Sanjeev Gupta: Coal power is no longer cheaper – and we'll prove it

This article is more than 5 years old

The British billionaire investing in South Australia believes renewables are the future of energy, because it makes economic sense

The British billionaire who rescued the Whyalla steelworks from administration and is spending more than $2bn on clean energy and green steel developments in regional South Australia says most Australians are yet to grasp that solar power is now a cheaper option than new coal-fired electricity.

Sanjeev Gupta, an industrialist whose family-owned GFG Alliance group of companies has been credited with resurrecting Britain’s steel industry, says he considered investing in coal generation in the state’s Upper Spencer Gulf after buying Arrium’s steel mill last year but found solar backed by “firming” storage technologies made better economic sense.

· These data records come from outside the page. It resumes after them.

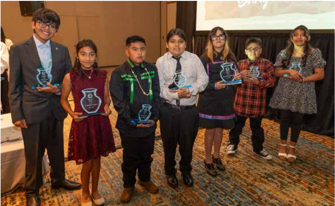
Recipients of the 2025 Chief Antonio Azul Scholar and Citizen Awards.
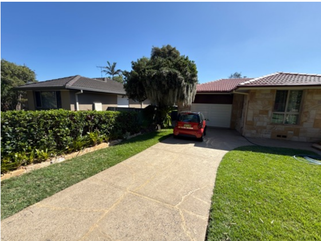
Isolated sections of exterior concrete displays typical shrinkage cracks and undulations - consistent with age.
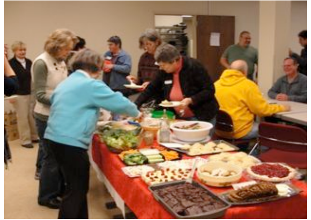
and a great feast was enjoyed by all...
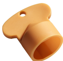
Cartridge S 25
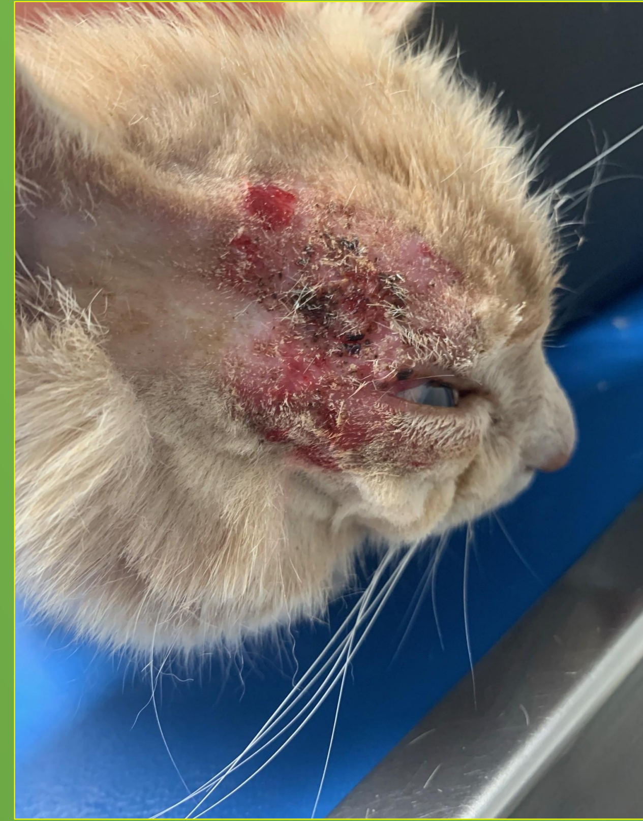
Figure 1 : Aspect at first presentation

To describe a clinical case presenting an uncommon disease : Feline Bowenoid In Situ Carcinoma (BISC) in the periocular area and its multimodal treatment. The author doesn't declare any conflict of interest.
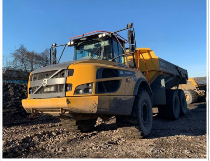
2018 VOLVO A30G
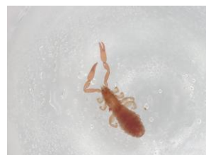
BIOUG85132-F10 [Microplate] Pseudoscorpiones Order: Pseudoscorpiones
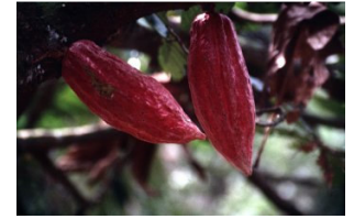
"Chuao Cocoa Pods."
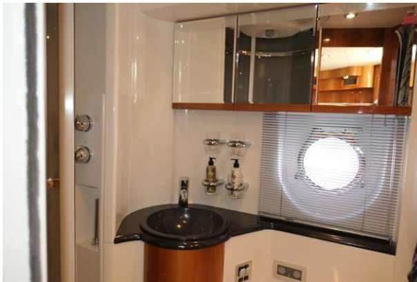
Day heads off starboard guest cabin or saloon, mirrored cabinets, Corian basin, etc. and electric wc.
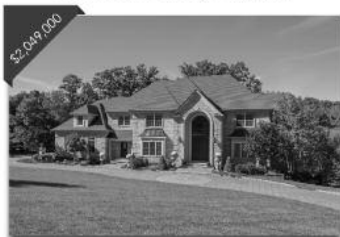
24 Raspberry Trail 5 Bedrooms, 5.1 Baths Massive Gourmet Kitchen with Designer Appliances in sought after Brookside Manor. 24Raspberry.com
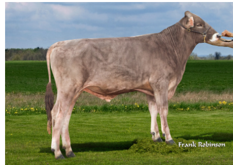
179BS16 Hilltop Acres Rokat Nitro ETV
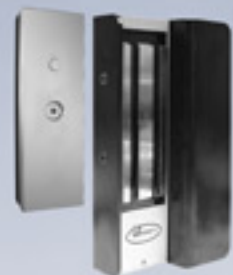
RAMSET Magnetic Lock Secures the gate(s) closed.
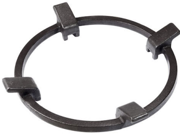
Cast iron wok support 9601 727
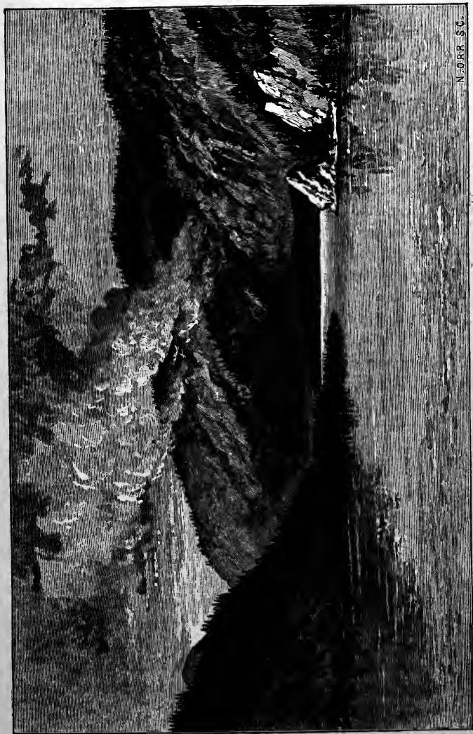
Columbia, above the Lower Cascade.
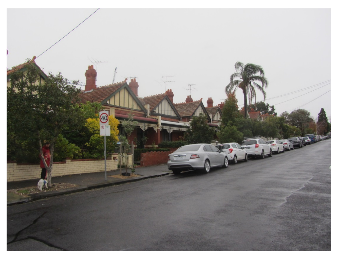
Figure 11. Houses at 10-36 Lambeth Place. Note the high degree of intactness and similarity of design and detailing. This detailing is more typical of the period when compared to that of Barkly and Blanche streets group.

houses. These houses in Lambeth Place were all built c.1909 for the owner Mr Sleep. P Einsiedel is once again recorded as the builder of some of these houses, which are very similar to the Moodie Place cottages.
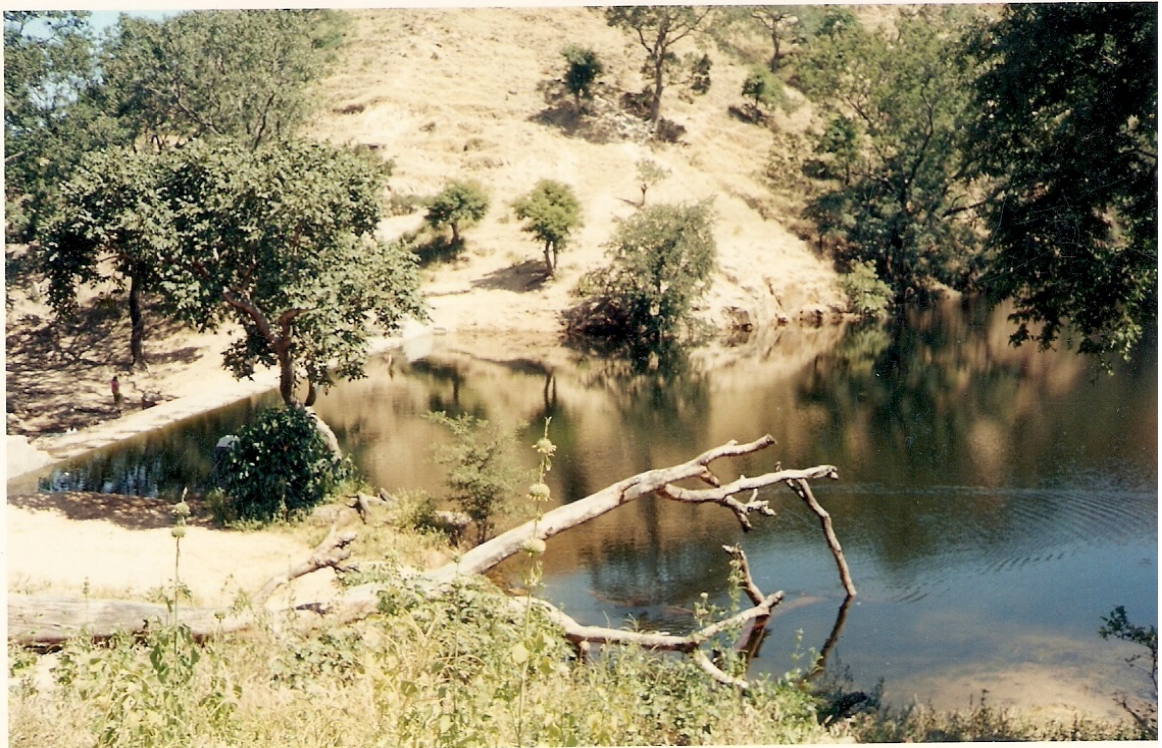
The storage area of Neyertete dam(2001)

“It’s still everybody’s perception that it is cheaper to make power from coal than it is from renewables, and it is no longer the case,” he told Guardian Australia. “It was the case not long ago, but it’s no longer the case, and we will prove it.”

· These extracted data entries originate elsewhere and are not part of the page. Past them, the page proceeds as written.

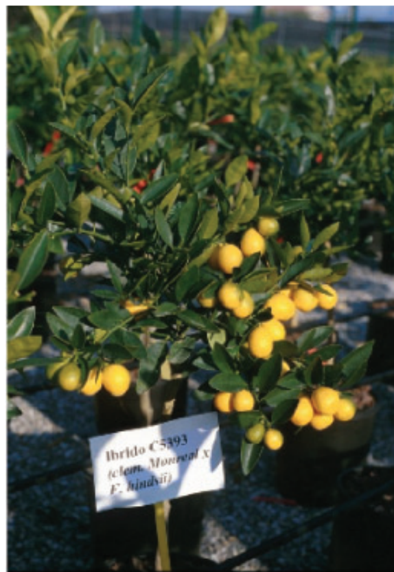
Fig. 1. Nursery tree of 'Reale' ('Monreal' clementine × Fortunella hindsii ).

The tetraploids used are originated by doubling the chromosome number of the nucella (Russo and Torrisi, 1951) or other somatic tissues. This can lead to duplex autotetraploids
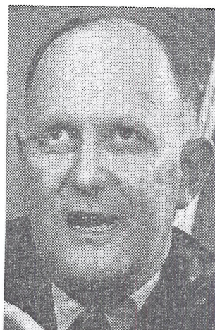
C. DOUGLAS DILLON ... treasury ex-secretary
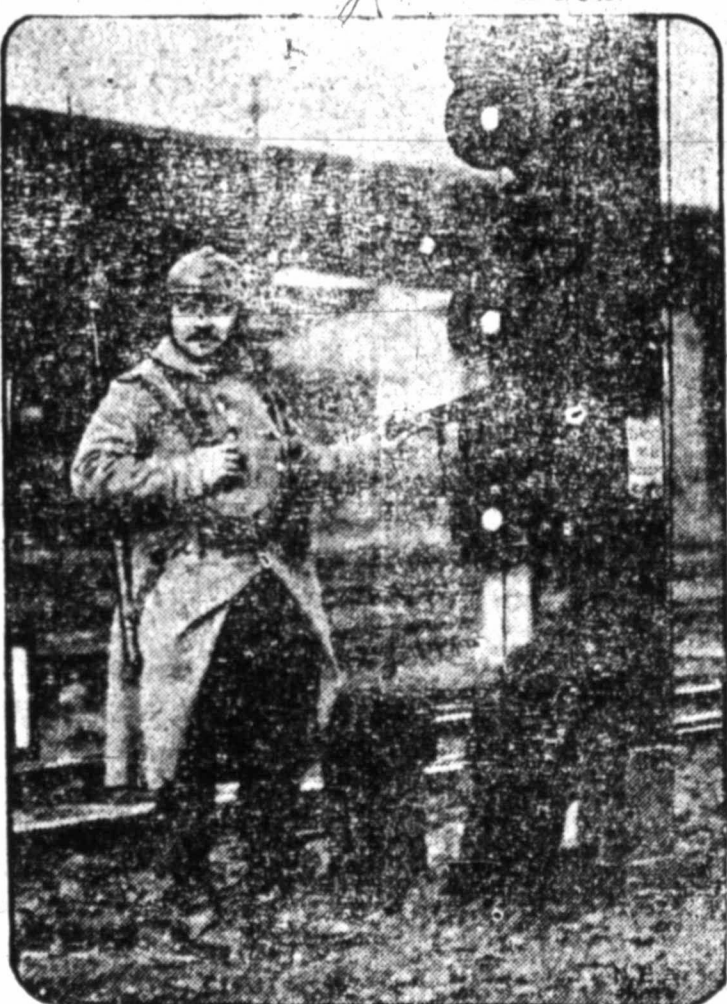
Lines of communication have been thrown into a hopeless tangle by the strike of German workers in the Ruhr. Here is a French militia acting as switchman in Recklinghausen railroad yards for one of the infrequent trains.
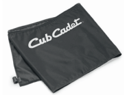
ANTI-DUST SYSTEM NX15 320L CC 196-555-603
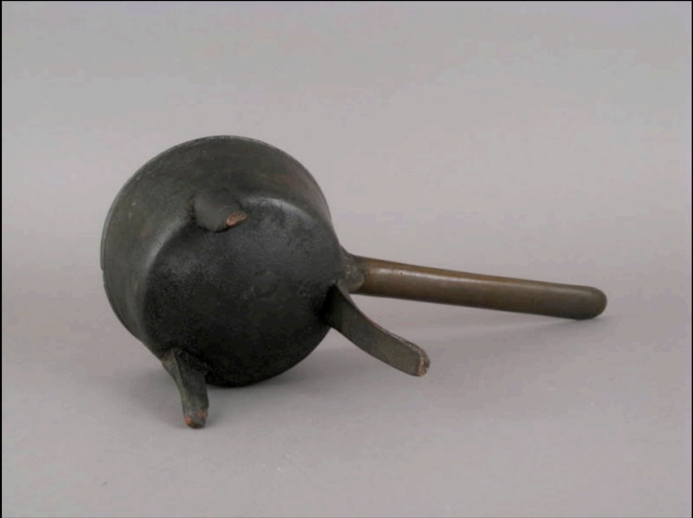
English Bronze Posnet Marked "Emerson & Co." Bristol 18th Century (Private Collection)
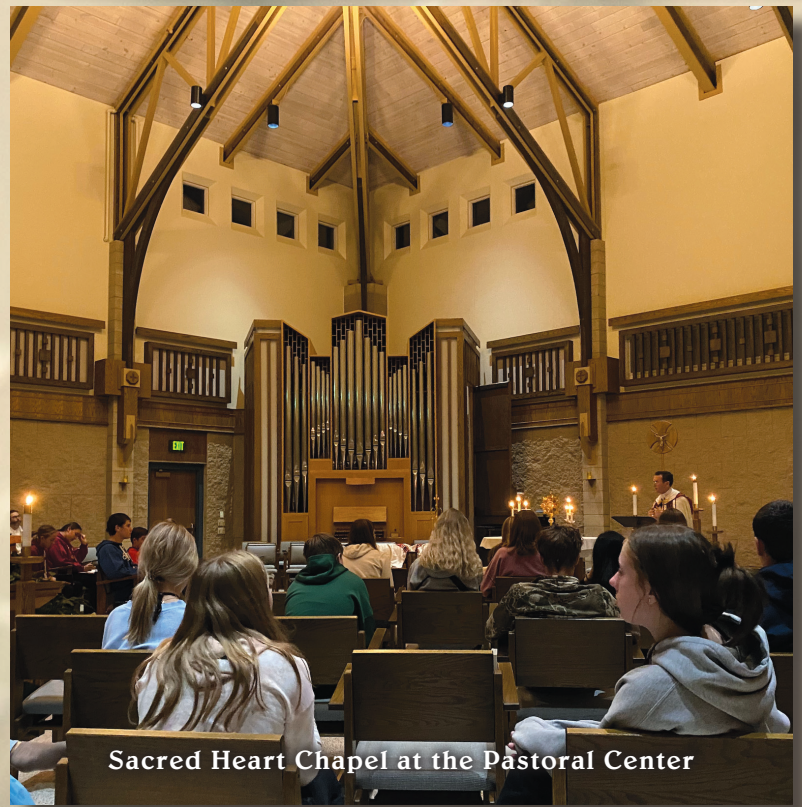
Sacred Heart Chapel at the Pastoral Center
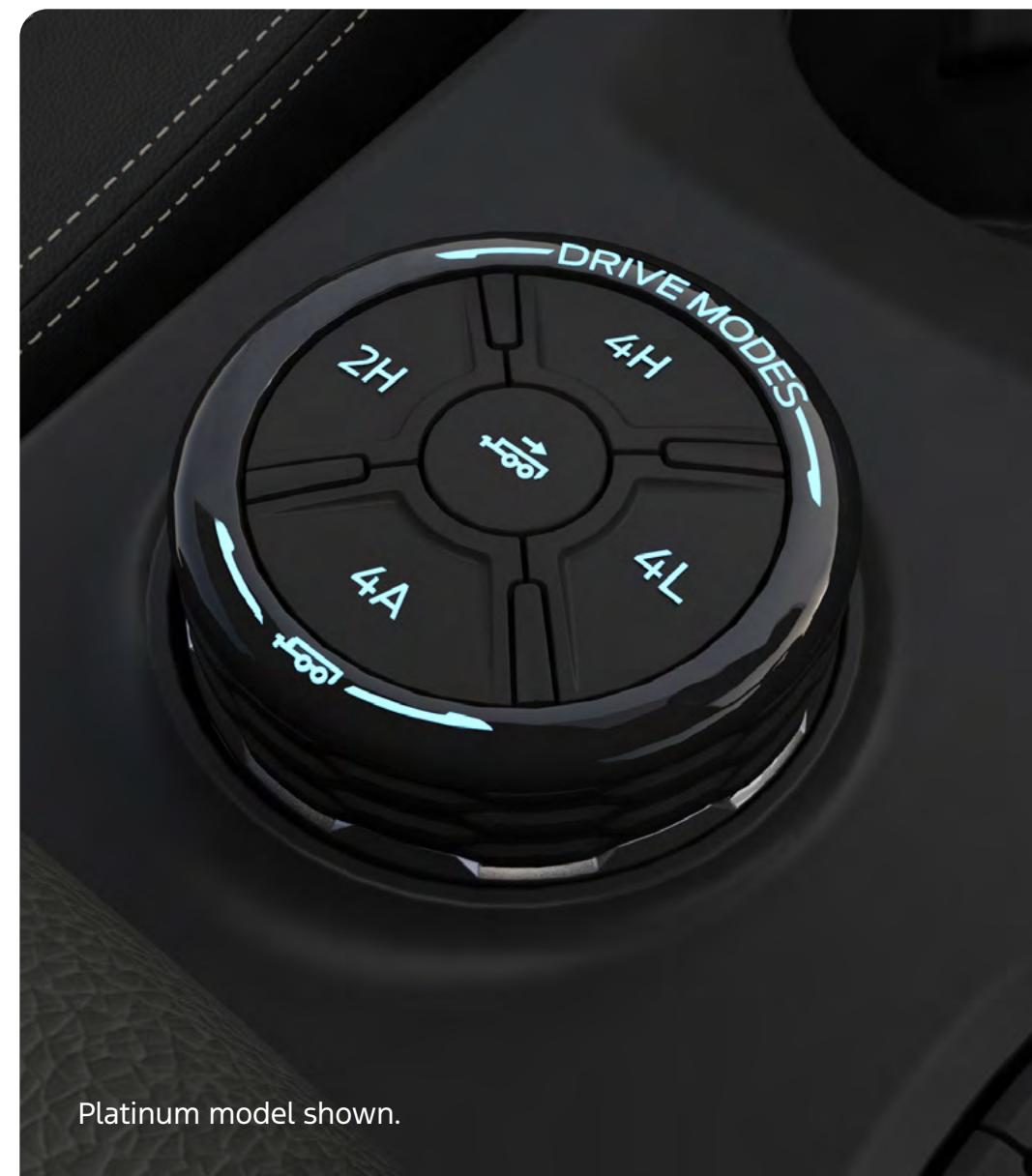
Platinum model shown.

His comments come as the federal government considers additional support for coal power alongside its proposed national energy guarantee policy. Some Coalition MPs have called for the taxpayers to underwrite or subsidise coal–fired generation.

Gupta’s position is consistent with the Australian energy market operator, which last week released a forecast that found renewable electricity backed by storage and gas would be the lowest cost replacement for the existing coal fleet. The market operator also found it was important to avoid early departures from the electricity grid to ensure an orderly transition.

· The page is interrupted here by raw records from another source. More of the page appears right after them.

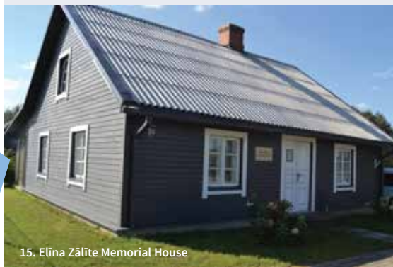
15. Elīna Zālīte Memorial House
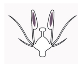
FL128 opening laterally Anthers in the mature bud with their apparent lines of dehiscence facing tangentially.
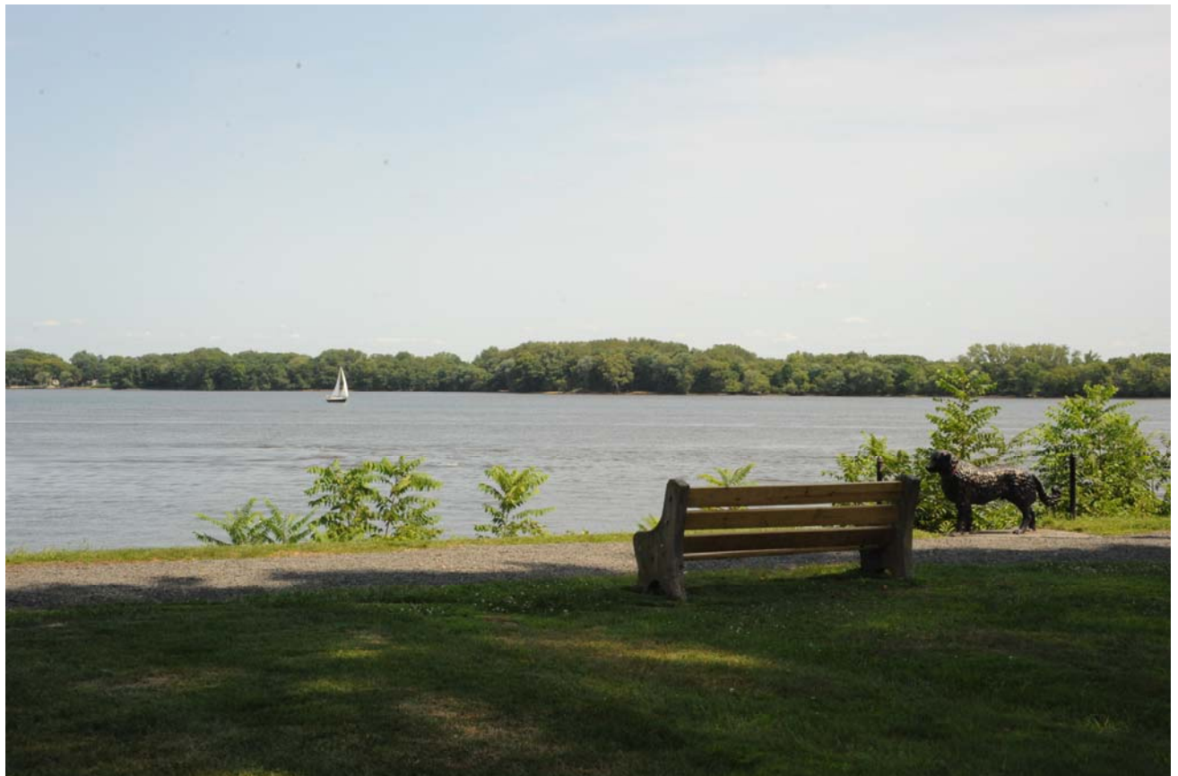
Gazebo, event tent, and Little Ugly statue, 2014.

GFG Alliance’s investment is central to an industrial transformation under way around Port Augusta and Whyalla. Developments proposed for the regional cities include 13 clean energy projects, several of them promising to use unique solar or energy storage technology.

Gupta is making a series of investments as part of his bid to create Australia’s only fully integrated steel business. He bought the Whyalla mill in 2017 when then-owner Arrium was more than $4bn in debt and he is spending at least $1bn doubling its annual output to 2m tonnes. He plans to expand it further using his green steel model – an increased emphasis on recycling scrap steel and heavy investment in clean energy projects close to the plant.

He said the $700m electricity plan he announced last year was likely to end up expanding to about $1.5bn as new projects were included.

Confirmed elements include: two farms of solar photovoltaic panels totalling more than 400MW to both run the steel plant and feed into the national grid; a co-generation plant of about 80MW that would capture the waste gases from steel production and convert them into electricity; up to three pumped hydro plants totalling up to 400MW in disused mining pits in the Middlebank Ranges; a lithium-ion battery larger than that built by Tesla and French company Neoen following a state government tender last year.

Additionally Gupta recently bought the Tahmoor metallurgical coal mine in New South Wales – as an essential ingredient in iron and steel-making, metallurgical coal is expected to have a better long-term economic outlook than thermal coal used in electricity generation – and took a majority share in solar and battery firm Zen Energy, chaired by economist Ross Garnaut.

Gupta said while he believed the long-term future was renewable energy, that alone would not have been enough to persuade him to invest in it.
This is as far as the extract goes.